**YOUR OBJECTIVE**
Each of the entries below is to be written out exactly, and the images skipped.

**Records from a data collection**
########################################
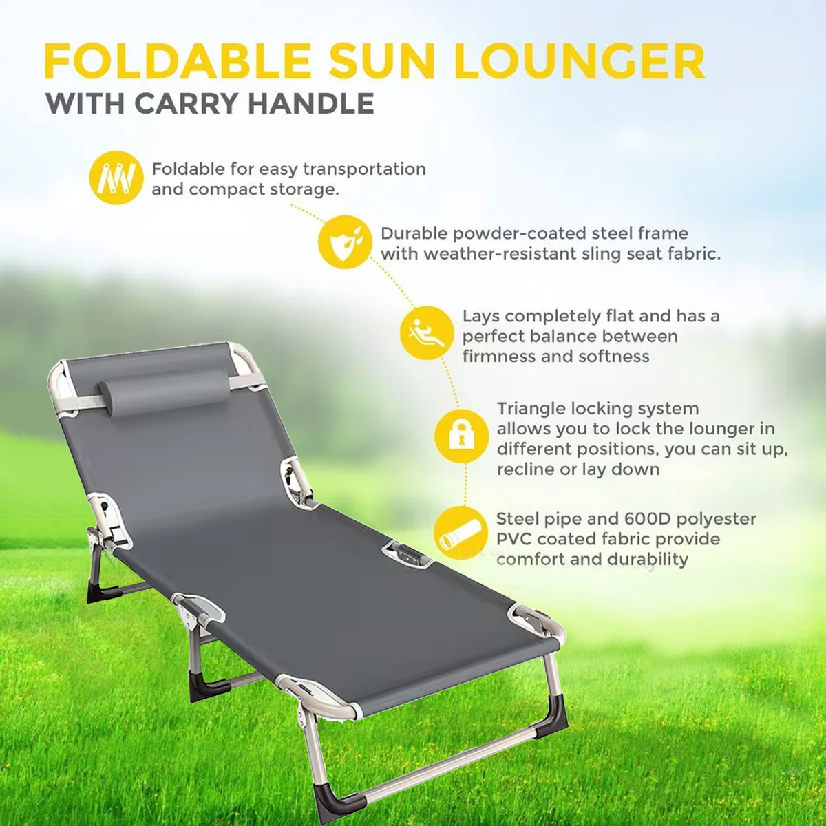 STABLE & COZY: This portable sun lounger is made of powder coated steel frame guarantees a stable standing and the 600D Oxford cloth with double elastic rope suspension system provides a comfortable yet strong support.
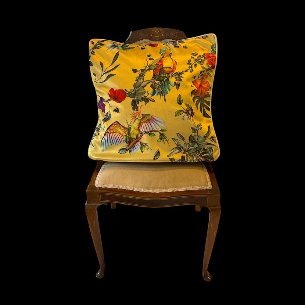 Papağanlı Sarı Kırlent Yastık Kılıfı
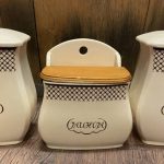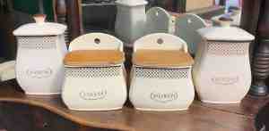 Arabia jauhoja, suolaa salkkarit 2 kpl puukansilla ja 2 kpl posllinikannella sokeria, kahvia
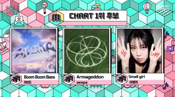 이날 라이즈는 지난달 17일 발매한 첫 미니앨범 타이틀곡 'Boom Boom Bass', 에스파는 첫 번째 정규앨범 타이틀곡 'Armageddon'으로 '음중' 1위 후보에 이름을 올렸다. 이영지는 엑소 디오(본명 도경수)가 피처링으로 참여한 신곡 'Small girl'로 라이즈, 에스파와 대결을 펼친다.
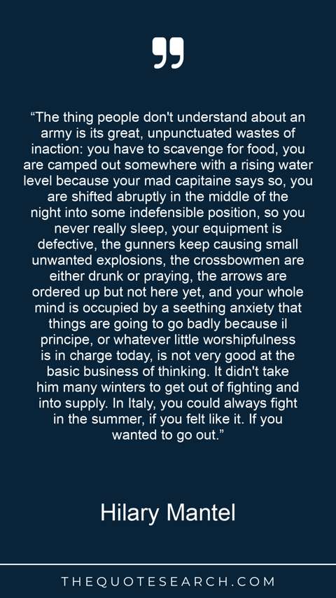 “The thing people don't understand about an army is its great, unpunctuated wastes of inaction: you have to scavenge for food, you are camped out somewhere with a rising water level because your mad capitaine says so, you are shifted abruptly in the middle of the night into some indefensible position, so you never really sleep, your equipment is defective, the gunners keep causing small unwanted explosions, the crossbowmen are either drunk or praying, the arrows are ordered up but not here yet, and your whole mind is occupied by a seething anxiety that things are going to go badly because il principe, or whatever little worshipfulness is in charge today, is not very good at the basic business of thinking. It didn't take him many winters to get out of fighting and into supply. In Italy, you could always fight in the summer, if you felt like it. If you wanted to go out.”
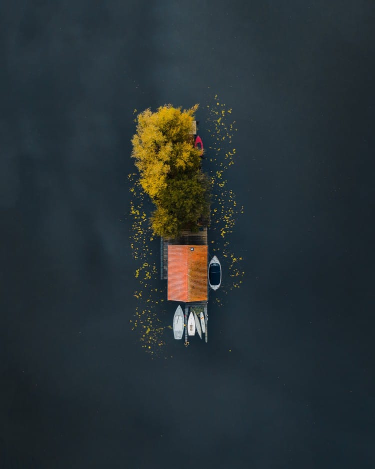 Communitylid Cunodebruin : 'Ook in eigen land heb je verrassende plekken om er even tussenuit te zijn. Dit is Scheendijk bij het plaatsje Breukelen. Je kan bij deze huisjes alleen per boot komen (of met de drone uiteraard). Een paar weken geleden was het eindelijk zover. Ik woon zelf in Utrecht en ben verschillende keren heen en weer gereden om te kijken of er al bladeren rondom het huisje lagen. Dit was eindelijk het geval en ik kon de gedroomde foto maken die ik al een tijd wilde maken!'
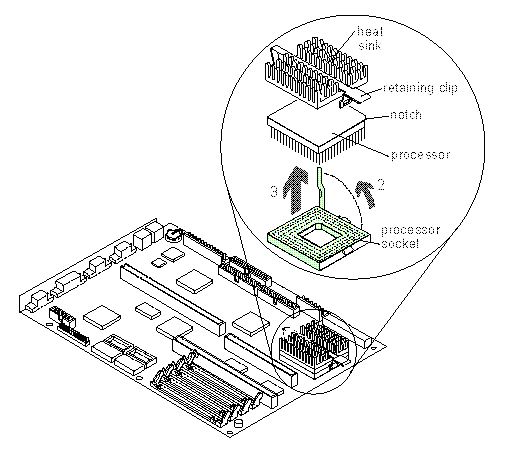 - To remove the processor: remove the processor retaining clip, raise the socket lever, remove the old processor, insert the upgrade processor, lower the socket lever firmly, then install the processor retaining clip.
########################################
**SOLUTION BELOW**
 STABLE & COZY: This portable sun lounger is made of powder coated steel frame guarantees a stable standing and the 600D Oxford cloth with double elastic rope suspension system provides a comfortable yet strong support.
 Papağanlı Sarı Kırlent Yastık Kılıfı
 Arabia jauhoja, suolaa salkkarit 2 kpl puukansilla ja 2 kpl posllinikannella sokeria, kahvia
 이날 라이즈는 지난달 17일 발매한 첫 미니앨범 타이틀곡 'Boom Boom Bass', 에스파는 첫 번째 정규앨범 타이틀곡 'Armageddon'으로 '음중' 1위 후보에 이름을 올렸다. 이영지는 엑소 디오(본명 도경수)가 피처링으로 참여한 신곡 'Small girl'로 라이즈, 에스파와 대결을 펼친다.
 “The thing people don't understand about an army is its great, unpunctuated wastes of inaction: you have to scavenge for food, you are camped out somewhere with a rising water level because your mad capitaine says so, you are shifted abruptly in the middle of the night into some indefensible position, so you never really sleep, your equipment is defective, the gunners keep causing small unwanted explosions, the crossbowmen are either drunk or praying, the arrows are ordered up but not here yet, and your whole mind is occupied by a seething anxiety that things are going to go badly because il principe, or whatever little worshipfulness is in charge today, is not very good at the basic business of thinking. It didn't take him many winters to get out of fighting and into supply. In Italy, you could always fight in the summer, if you felt like it. If you wanted to go out.”
 Communitylid Cunodebruin : 'Ook in eigen land heb je verrassende plekken om er even tussenuit te zijn. Dit is Scheendijk bij het plaatsje Breukelen. Je kan bij deze huisjes alleen per boot komen (of met de drone uiteraard). Een paar weken geleden was het eindelijk zover. Ik woon zelf in Utrecht en ben verschillende keren heen en weer gereden om te kijken of er al bladeren rondom het huisje lagen. Dit was eindelijk het geval en ik kon de gedroomde foto maken die ik al een tijd wilde maken!'
 - To remove the processor: remove the processor retaining clip, raise the socket lever, remove the old processor, insert the upgrade processor, lower the socket lever firmly, then install the processor retaining clip.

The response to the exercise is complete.